Ehemann was one of five Ohio women in local politics who traveled to Berlin for four days of workshops and discussions about motivating other women to enter the political arena. The exchange was organized by Shannon Jones, a Warren County commissioner, and Helga Lukoschat, chairperson of the board of EAF Berlin, a think tank and consulting firm.
Also participating from the U.S. were Debbie Lieberman, a Montgomery County commissioner, Vicki Giambrone a former mayor of Beavercreek now working for CBD Advisors, and Cynthia Hess, associate director of research at the Institute for Women’s Policy Research in Washington, D.C.
The exchange will continue in April when a delegation of German women visits Columbus to continue the discussion.
“I actually met Helga at a dinner when she was in the states with a German delegation,” Jones said by phone, Wednesday, Nov. 21. “She approached me early this year.” Lukoschat wanted to know if Jones would be interested in working on a cultural exchange.
The Americans’ trip to Germany and the Germans’ upcoming trip to the U.S. have been funded by Lukoschat’s organization, EAF Berlin.
Jones asked Ehemann to particpate because, “I wanted (the U.S. group) to be reflective of various areas of the state,” she said. “Julie is from a more rural county with a lot of manufacturing. I didn’t know her, but her reputation preceded her as someone being thoughtful.” It also meant a lot to Jones that Ehemann is the incoming president of the County Commissioners Association of Ohio.
“We had workshops about leadership — understanding what motivates you so you can work on motivating others,” Ehemann told the Sidney Daily News when she had returned. According to Jones, the EAF is interested in particularly cultivating leadership of young women in politics.
A hightlight of the trip was attending a speech by German Chancellor Dr. Angela Merkel at a celebration marking the 100th anniversary of women’s gaining the right to vote in Germany.
“She spoke about 100 years of suffrage. (She said it was) a human right in a fair and just society. She said women can do anything, and this is more than a statement. This is a demand,” Ehemann said.
Merkel also said childcare should be a legal right and she talked about gender balance.
“If we want to grow our workforce, we need quality childcare for everyone,” Ehemann quoted Merkel.
About 200 people were in the chancellor’s audience.
“We had to show our passports, and we had invitations to be there, but security was not as tight as it is in the U.S.,” Ehmann said.
The group also met with German State Minister Michelle Muntefering.
“She was so interested in what women’s roles were, how we felt about expanding women’s roles. She said she sees the divide in the United States. How can women fix that divide?

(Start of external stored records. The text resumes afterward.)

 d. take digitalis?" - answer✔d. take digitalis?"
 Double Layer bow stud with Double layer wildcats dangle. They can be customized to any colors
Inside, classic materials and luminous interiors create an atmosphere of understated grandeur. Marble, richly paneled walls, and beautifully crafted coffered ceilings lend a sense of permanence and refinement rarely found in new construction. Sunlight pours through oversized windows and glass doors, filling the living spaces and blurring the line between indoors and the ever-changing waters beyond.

Local women can work together to build those bridges,” Ehemann said.
The workshops, coordinated by Lukoschat, included a session with winners of the Helene Weber Prize, an award for outstanding, local, female polititicians in Germany. During that session, the Germans and Americans discussed the characteristics and challenges of their respective political systems and best practices for encouraging women to engage in politics.
Another workshop focused on migration, integration and dealing with diversity.

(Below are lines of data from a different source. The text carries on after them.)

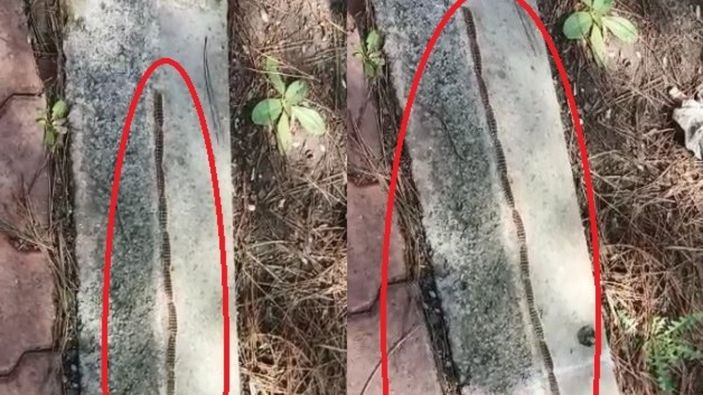 Yaşam alanlarına ilerlemek üzere sıralı dizilen tırtıllar, ilk bakışta yılan görünümü vererek görenleri korkuttu.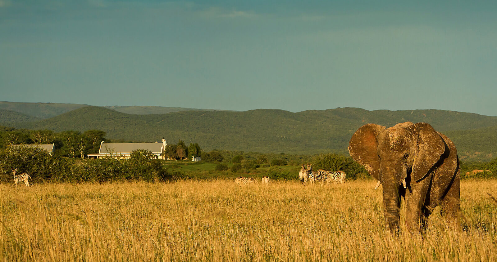 The upmarket lodge boasts the style of fine country living. Eight luxuriously spacious standalone suites offer a colonial-style theme with private viewing decks. The honeymoon suite additionally has a private plunge pool. There is also a three-bedroom villa for groups and families, just a short drive from the main lodge. The lodge serves exceptional cuisine with African themed evenings and gourmet barbecues near the waterhole. The tranquillity of the lodge setting makes it the perfect place to destress and unwind. Lush gardens, a swimming pool, and a pampering spa provide a haven of relaxation. For those seeking a bit more adventurous activity, elephant rides in the Greater Addo can be arranged as well as horseback riding, cultural and historical excursions. There are plenty of exciting activities for kids, making the lodge an ideal safari destination for families. Exclusive game drives for families or guest parties can also be arranged.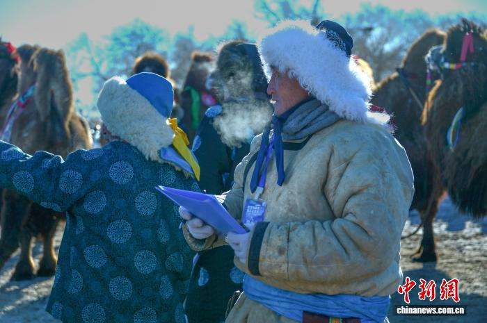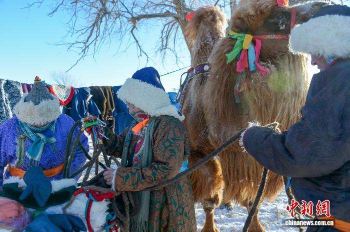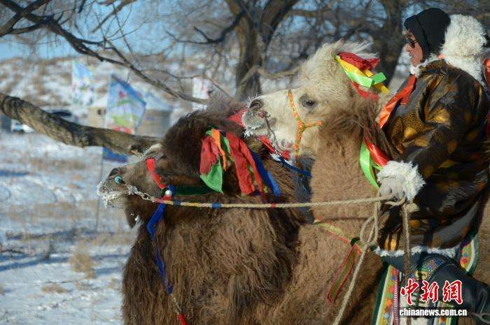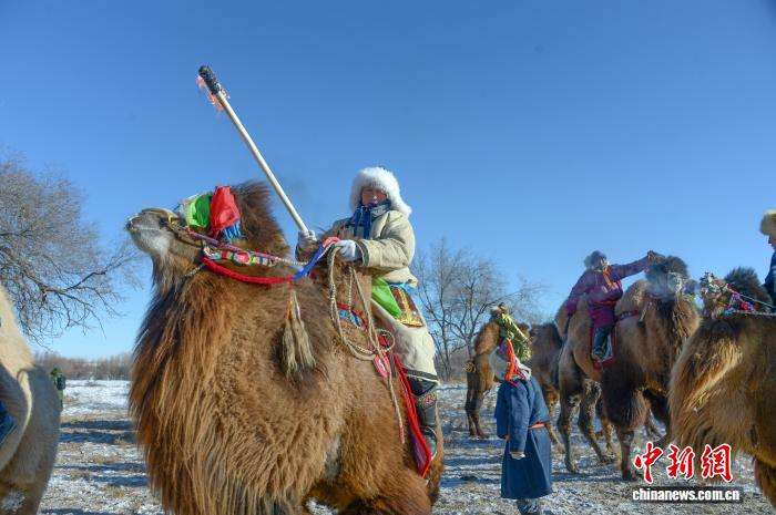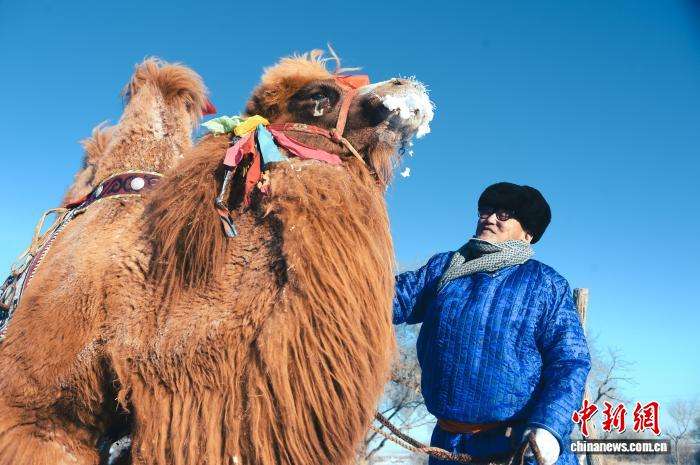 近日,浑善达克沙地深处的牧民家里,举办了一场“最美公驼”评选。2026年“歌游内蒙古 百姓大舞台”锡林郭勒盟群众文化那达慕·冬季村晚将场地定在内蒙古自治区正蓝旗扎格斯台苏木巴音宝力格嘎查的一户牧民家。作为活动内容之一,“最美公驼”评选吸引了周边数十户牧民牵着骆驼参赛。图为参赛的骆驼和牧民。

“EAF was really strategic,” Jones said. “They gave us the opportunity to talk with women at all levels of government, local, state and federal, and across various political parties represented in Germany. They were thoughtful about people we would talk with.”
The women discovered that problems women face in Germany are not that different from problems faced by women here.
“One of the take-aways for women of the U.S. was that even though we’re separated by so many miles and different politics, the issues were the same. We talked about workforce, education, housing,” Ehemann said. She came home recognizing that something is lacking in Shelby County.
“We need stuff at the local level that is nonpartisan, a nonpartisan sharing of ideas. We need more ways to reach out to women, because women need to be asked. Women don’t stand there and say, ‘Pick me.’ We’re too ready to see the barriers,” she said.
The trip wasn’t all brainstorming and thinking. The U.S. delegation had a private tour of part of the German Historical Museum, visited the Bundestag, which is the German parliament, went to the Brandenburg Gate and what’s still standing of the Berlin Wall.
“And we had German food,” Ehemann said. She tried schnitzel for the first time — “It’s a lot like pork tenderloin,” she noted — and enjoyed fruity aperitifs and German beer. But it was the desserts that captured her palate and her heart.
“German pastries are fabulous,” she said.